As at June 30, 2022 and December 31, 2021, the Company's accounts receivable were comprised of the following:

    June 30, 2022     December 31, 2021  
Trade receivables from sales of crude oil and natural gas $ 21,244,552   $ 18,110,135  
Joint interest billing receivables and other $ 2,581,826     687,500  
Balance, end of period $ 23,826,378   $ 18,797,635  

Accounts receivable aging as at June 30, 2022 and December 31, 2021 are as follows:

    June 30, 2022     December 31, 2021  
Current $ 22,312,106   $ 15,420,816  
31 - 60 days   1,514,272     3,376,819  
61 - 90   -     -  
Greater than 90 days   -     -  
Balance, end of period $ 23,826,378   $ 18,797,635  

All amounts shown as current and 31 - 60 days aging have been collected subsequent to period end.  Amounts greater than 90 days are being pursued by management and the expected credit loss is believed to be insignificant.

Cash

All of the Company's cash is held at four financial institutions as at June 30, 2022 and December 31, 2021. The Company manages its credit exposure to cash, if any, by selecting institutions with high credit ratings.

(b) Liquidity risk

Liquidity risk is the risk that the Company will encounter difficulty in meeting obligations associated with financial liabilities as they become due.  The Company's financial liabilities consist of accounts payable and accrued liabilities and promissory notes, all of which are due within a year, commodity contract liabilities which will all be settled over the life of their contract terms (see below), lease liabilities which will be settled over the life of the lease, asset backed preferred instruments which will be repaid based on available cash flows, development partnership liabilities that will be repaid based on cash flows generated by the wells included in the partnership and a credit facility with portions due in the following year. The Company also maintains and monitors a certain level of cash flow which is used to partially finance all operating and capital expenditures.  The Company also attempts to match its payment cycle with collection of oil and natural gas sales which are usually collected within 30 to 60 days.

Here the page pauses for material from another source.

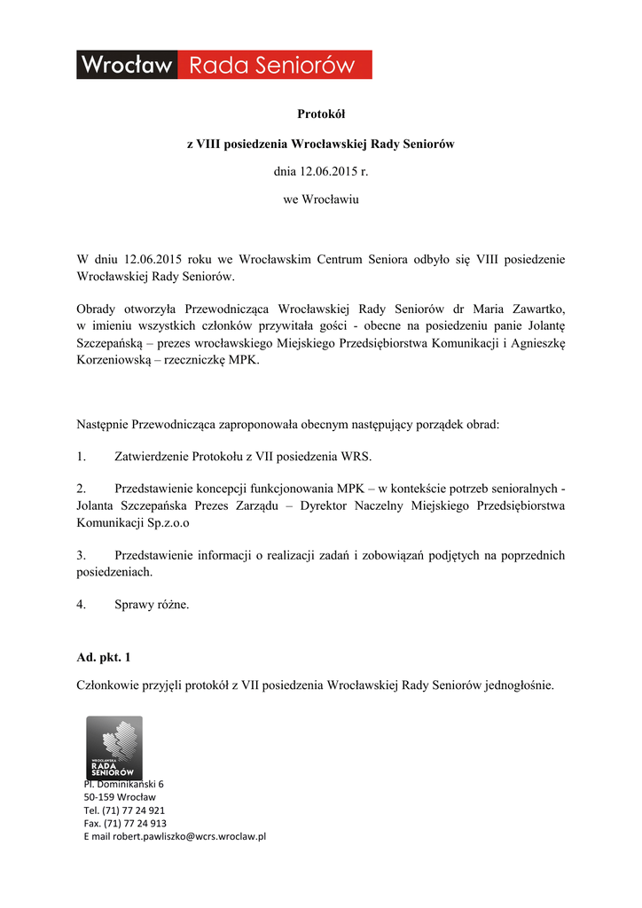 Protokół z VIII posiedzenia Wrocławskiej Rady Seniorów dnia 12.06.2015 r. we Wrocławiu W dniu 12.06.2015 roku we Wrocławskim Centrum Seniora odbyło się VIII posiedzenie Wrocławskiej Rady Seniorów. Obrady otworzyła Przewodnicząca Wrocławskiej Rady Seniorów dr Maria Zawartko, w imieniu wszystkich członków przywitała gości - obecne na posiedzeniu panie Jolantę Szczepańską – prezes wrocławskiego Miejskiego Przedsiębiorstwa Komunikacji i Agnieszkę Korzeniowską – rzeczniczkę MPK. Następnie Przewodnicząca zaproponowała obecnym następujący porządek obrad: 1. Zatwierdzenie Protokołu z VII posiedzenia WRS. 2. Przedstawienie koncepcji funkcjonowania MPK – w kontekście potrzeb senioralnych Jolanta Szczepańska Prezes Zarządu – Dyrektor Naczelny Miejskiego Przedsiębiorstwa Komunikacji Sp.z.o.o 3. Przedstawienie informacji o realizacji zadań i zobowiązań podjętych na poprzednich posiedzeniach. 4. Sprawy różne. Ad. pkt. 1 Członkowie przyjęli protokół z VII posiedzenia Wrocławskiej Rady Seniorów jednogłośnie. Pl. Dominikański 6 50-159 Wrocław Tel. (71) 77 24 921 Fax. (71) 77 24 913 E mail [email protected] Ad. pkt. 2 Pani J. Szczepańska poinformowała, że koncepcja funkcjonowania MPK ma na względzie potrzeby seniorów. Przedstawiła w punktach założenia: 1) Tramwaje i autobusy. Do połowy listopada br. wszystkie autobusy we Wrocławiu będą niskopodłogowe. Czekamy na środki unijne żeby wymienić część taboru tramwajowego. Tu sytuacja jest gorsza niż z autobusami, gdyż nie jesteśmy w stanie wymienić całego taboru w ciągu najbliższych lat. Złożone są do Ministerstwa przez Miasto projekty - wnioski o dofinansowanie z funduszy UE. Jeżeli chodzi o ten rok to mamy 14 nowych nowoczesnych tramwajów. Pozostałe 150 są stare i trzeba by je wymienić. Są one nieklimatyzowane, po prostu nie spełniają standardów, których oczekują pasażerowie. 2) Informacje i komunikaty. Mieliśmy i mamy listy i telefony od starszych osób, w których pojawia się sprawa niezbyt dobrej słyszalności komunikatów w tramwajach. Była próba wprowadzenia syntezatorów mowy, ale okazało się wróciliśmy do rozwiązania, które już było. Po ogłoszonym konkursie wykonawca nagrał głos w profesjonalnym studio, po to, by był jak najlepiej słyszalny. Ponadto, w głównych punktach miasta takich jak: lotnisko, opera, dworzec główny, komunikaty głosowe pojawiają się też po angielsku. Wiemy o tym też, że pasażerowie chcą mieć w środkach transportu spokój. 3) Rozkład jazdy. Były prośby by w rozkładach jazdy druk powiększyć i to zostało zrobione. Skarg już nie ma. W pojazdach pojawiają się napisy elektroniczne też poprawione, z lepszą jakością wyświetlenia. W czasie dyskusji członkowie Rady zwrócili uwagę na oznaczenie zewnętrzne pojazdów, na to, by były z przodu i z tyłu duże tablice. Pani prezes stwierdziła, że w nowych pojazdach jest już oprócz tablicy także zewnętrzna zapowiedź głosowa. 4) Ekrany w pojazdach. Służą do wyświetlania informacji o akcjach promocyjnych. Wypowiedź pani Jolanty Szczepańskiej uzupełniła Agnieszka Korzeniowska, rzeczniczka MPK, która zauważyła, że tematy społeczne muszą być realizowane rokrocznie i tak się dzieje. Zagadnienia edukacyjne, w szczególności bardziej sugestywne sposoby komunikacji z pasażerami, zamiast tabliczek – USTĄP MIEJSCA STARSZEMU. Pl. Dominikański 6 50-159 Wrocław Tel. (71) 77 24 921 Fax. (71) 77 24 913 E mail [email protected] Będziemy prowadzić badania w tym kierunku, które jednak są b. kosztowne. Już mamy skargi i osoby starsze się do nas zwracają. Pani Wanda Ziembicka – Has włączyła się z uwagą, iż jako wykładowczyni komunikacji społecznej, wie, że działa dopiero, gdy się powie: MŁODY CZŁOWIEKU WSTAŃ. Dlatego będziemy robić filmy - kontynuowała p. Korzeniowska. Ale nie nakazywać, bo to nie działa. Autobusy albo przestrzeń miejska są monitorowane. Sprawdzamy interwencje, przystanki na żądanie, gdzie „trzeba machnąć ręką”. Będziemy edukować naszych pasażerów, bo edukujemy naszych kierowców, sukcesywnie. Ale to nie wystarczy. Bardzo wielu jest pasażerów spoza Wrocławia, tam gdzie nie było komunikacji miejskiej. Dr Maria Zawartko po wystąpieniu gości złożyła na ręce pani prezes Szczepańskiej pismo datowane na 10 czerwca 2015 r., które dotyczy transportu zbiorowego w naszym mieście. W piśmie wnioskuje się, w imieniu Wrocławskiej Rady Seniorów i seniorów z Muchoboru Małego o: - niezwłoczne uruchomienie, czy też podprowadzenie linii autobusowej, która dowiezie z Muchoboru Małego do Centrum miasta. - uruchomienie połączenia, które prosto i szybko skomunikuje ul. Grabiszyńską z ul. Legnicką i odwrotnie. Pismo podpisane przez Przewodniczącą Rady trafiło do wiadomości odnośnych organów, w tym do Wrocławskiego Centrum Seniora. Pani prezes MPK zaznaczyła, spodziewając się treści pisma, że Przedsiębiorstwo jedynie świadczy transport. Wszelkie usługi są zamawiane przez UM Wrocław, my dostajemy wskazania do realizacji. MPK nie ma żadnego wpływu na trasy tramwajów. Pani dr Zawartko, po przekazaniu pisma stwierdziła, że nasze miasto jest jednak miastem nie tylko ludzi młodych, ale ludzi w wieku senioralnym. Chcemy dbać o seniorów i Rada ma takie zadanie. Konstatacja po dyskusji powstała taka, by pismo skierować jak najszybciej do dyrektora Czuryło. W tym momencie posiedzenia przewodnicząca Rady przekazała prowadzenie panu Dominikowi Golemie, ponieważ musiała opuścić spotkanie. Pl. Dominikański 6 50-159 Wrocław Tel. (71) 77 24 921 Fax. (71) 77 24 913 E mail [email protected] Pani prezes jeszcze doprecyzowała jakie uprawnienia posiada MPK. Następnie p. Golema poprosił by przejść do części interaktywnej posiedzenia i skupić się na zagadnieniach senioralnych. Pierwsza głos zabrała pani dr W. Wnuk zwracając uwagę na potrzebę kampa

Alpine Summit Energy Partners, Inc. (formerly Red Pine Petroleum Ltd.)
Notes to the condensed interim consolidated financial statements
For the three and six months ended June 30, 2022 and 2021 (continued)
(amounts in US dollars unless otherwise noted)(Unaudited)

At June 30, 2022, the Company had negative working capital of $165,427,098.  The Company expects to repay its financial liabilities in the normal course of operations and to fund future operational and capital requirements through operating cash flows and through issuance of debt and/or equity.

The Company may need to conduct asset sales, equity issues or issue debt if liquidity risk increases in a given period.  Liquidity risk may increase as a result of a change in the amounts settled monthly from the commodity contracts (Note 23 (c)). The Company believes it has sufficient funds to meet foreseeable obligations by actively monitoring its credit facilities through use of the loans/notes, asset sales, coordinating payment and revenue cycles each month, and an active commodity hedge program to mitigate commodity price risk and secure cash flows.

More specifically, in an attempt to increase liquidity, the Company has during and subsequent to the six months ended June 30, 2022: (i) continued its drilling program to increase cash flows from operating activities, (ii) raised significant funds through development partnerships (Note 7 and 24), (iii) entered into a new revolving corporate credit facility (Note 9), and iv) refinanced indebtedness (Note 8 and 11).

The Company is required to meet certain financial covenants under the ABS Facility (Note 9).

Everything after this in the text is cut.